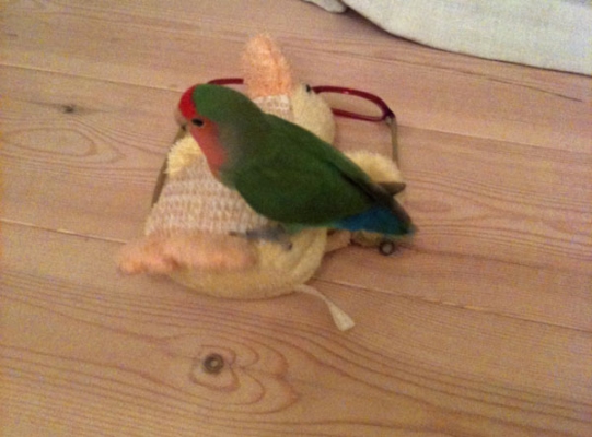 ルナにクーちゃんの尾羽をたすとほとんど同じ大きさです、体重も最近はルナを越えましたが以前はルナに負けてました
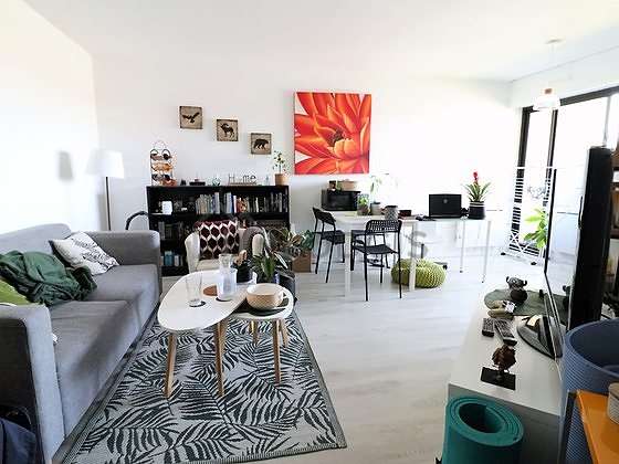 SéjourCet appartement est composé d'un superbe salon des fenêtres. Ce salon très calme est meublé et équipé pour rendre votre séjour agréable : télé, canapé, 1 fauteuil(s), table à manger, etagère, 1 chaise(s), lampadaire sur pied, meuble tv, tableau, table gigogne1 canapé(s) lit(s) de 140cm.
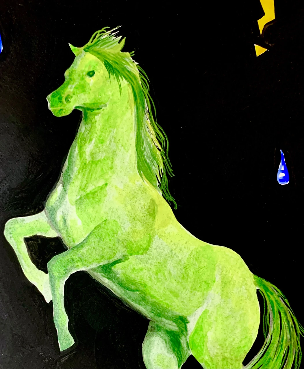 Работа выполнена на плотной акварельной бумаге, чёрный фон сделан при помощи акрила, который придаёт ощущение легкого глянца, остальные элементы написаны акварелью. Работа не оформлена.
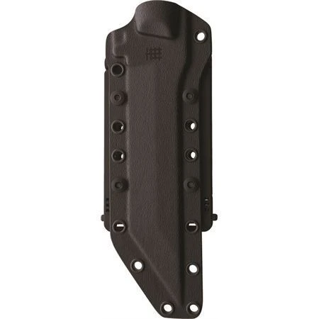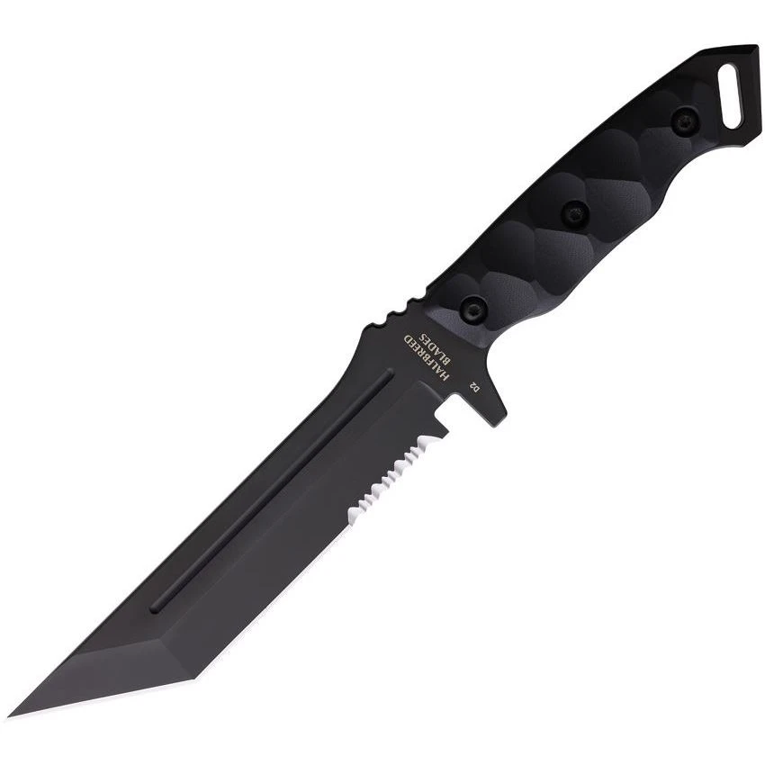 Model – HBBMIK05. Halfbreed MIK05 – Medium Infantry Knife. 11.75″ (29.85cm) overall. 6.75″ (17.15cm) black Teflon coated partially serrated Bohler K110 stainless tanto blade. Black G10 handle. Full, extended tang. Lanyard hole. Black Kydex MOLLE compatible belt sheath. Boxed. Made in Australia.
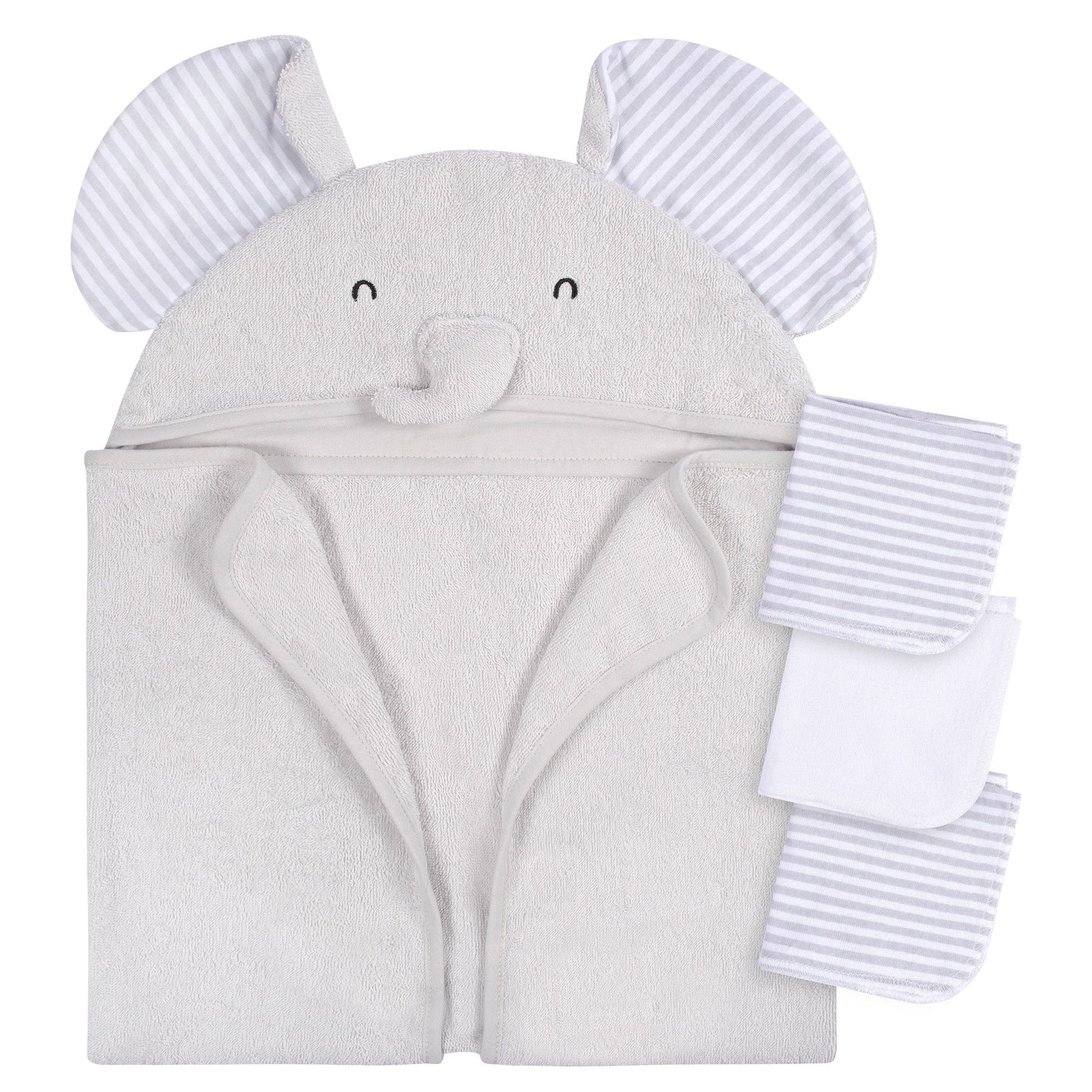 Wrap your little one in snuggly softness with our charming baby towel! Featuring an adorable shark hood, this robe is crafted from woven terry cotton, ensuring your baby stays cozy and comfy after bath time. This set also includes three matching washcloths made from a cotton and polyester knit terry, perfect for gentle cleaning. Our essentials have been independently certified with STANDARD 100 by OEKO-TEX® so that you don’t have to worry about harmful substances in your baby’s wardrobe. This pack includes one towel and three washcloths.
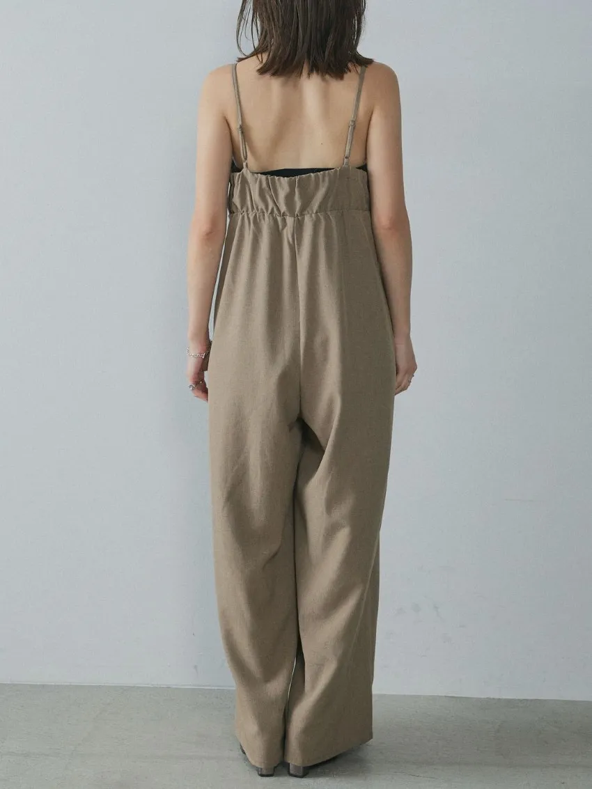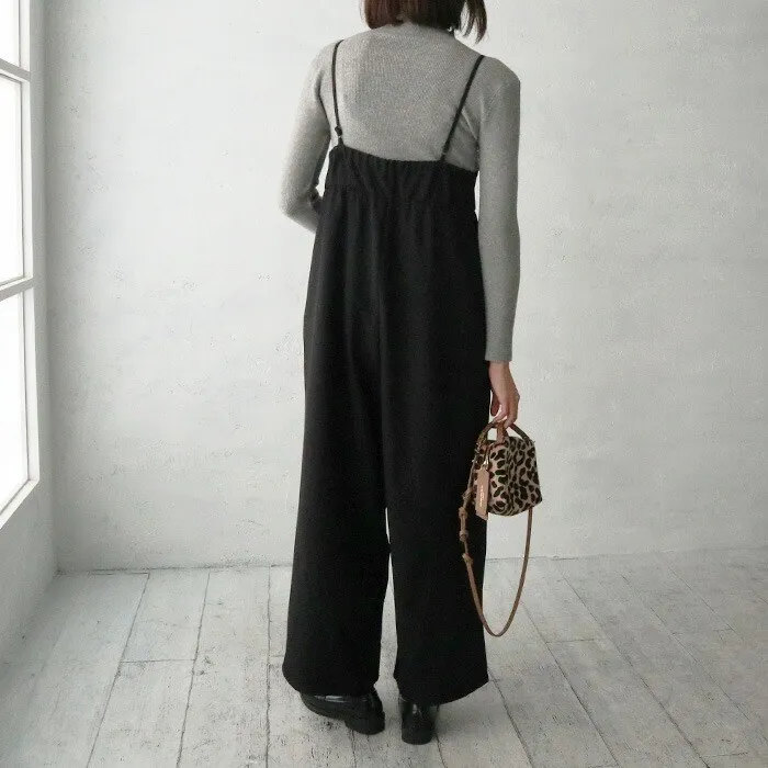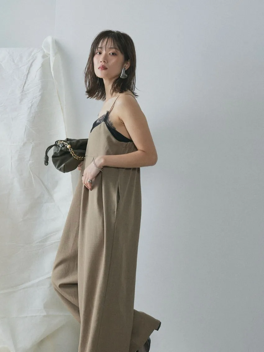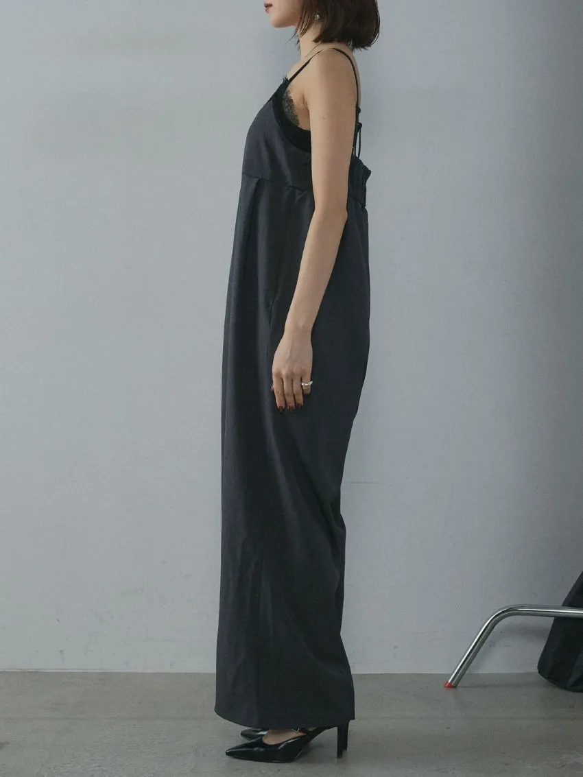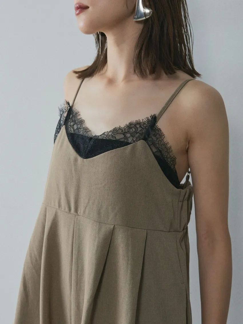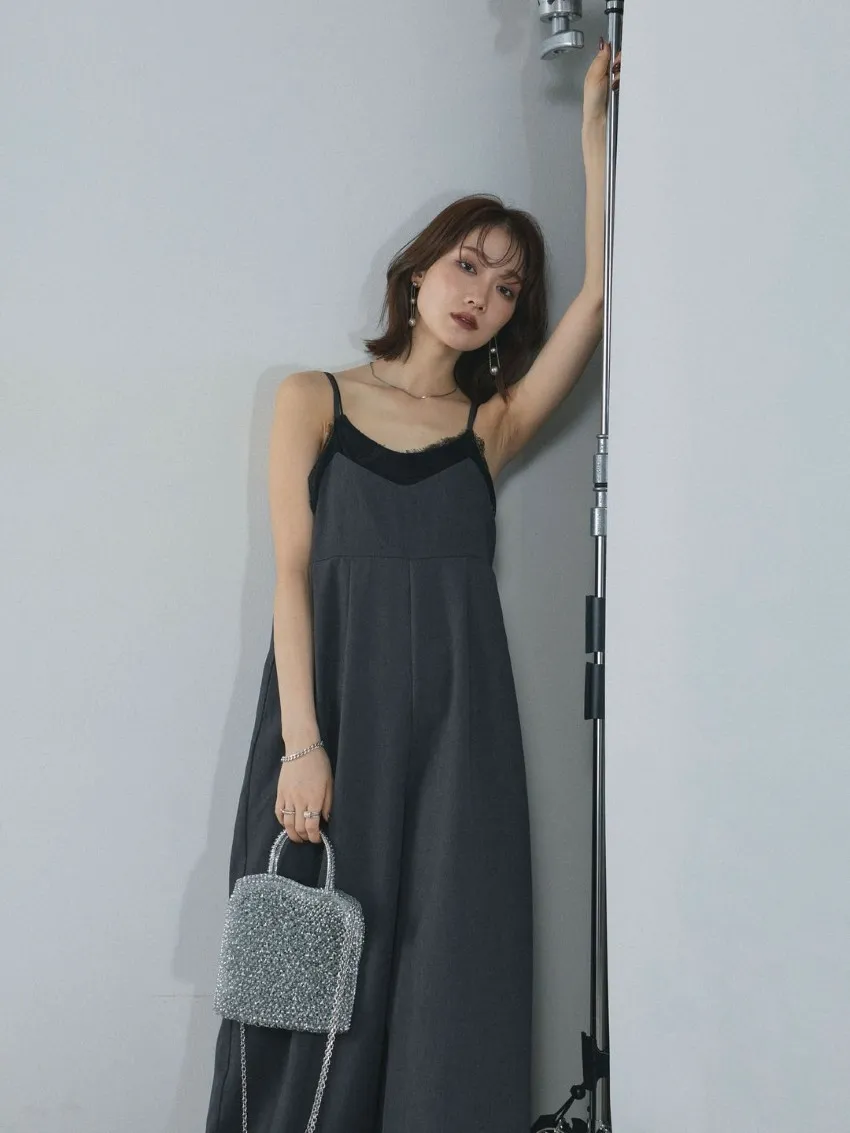 邊緣拼接纖細蕾絲點綴連身吊帶寬褲

· · · ·

● Instructions for the task
Without including any picture, write out the material above exactly.

● Result of the exercise
 ルナにクーちゃんの尾羽をたすとほとんど同じ大きさです、体重も最近はルナを越えましたが以前はルナに負けてました
 SéjourCet appartement est composé d'un superbe salon des fenêtres. Ce salon très calme est meublé et équipé pour rendre votre séjour agréable : télé, canapé, 1 fauteuil(s), table à manger, etagère, 1 chaise(s), lampadaire sur pied, meuble tv, tableau, table gigogne1 canapé(s) lit(s) de 140cm.
 Работа выполнена на плотной акварельной бумаге, чёрный фон сделан при помощи акрила, который придаёт ощущение легкого глянца, остальные элементы написаны акварелью. Работа не оформлена.
 Model – HBBMIK05. Halfbreed MIK05 – Medium Infantry Knife. 11.75″ (29.85cm) overall. 6.75″ (17.15cm) black Teflon coated partially serrated Bohler K110 stainless tanto blade. Black G10 handle. Full, extended tang. Lanyard hole. Black Kydex MOLLE compatible belt sheath. Boxed. Made in Australia.
 Wrap your little one in snuggly softness with our charming baby towel! Featuring an adorable shark hood, this robe is crafted from woven terry cotton, ensuring your baby stays cozy and comfy after bath time. This set also includes three matching washcloths made from a cotton and polyester knit terry, perfect for gentle cleaning. Our essentials have been independently certified with STANDARD 100 by OEKO-TEX® so that you don’t have to worry about harmful substances in your baby’s wardrobe. This pack includes one towel and three washcloths.
 邊緣拼接纖細蕾絲點綴連身吊帶寬褲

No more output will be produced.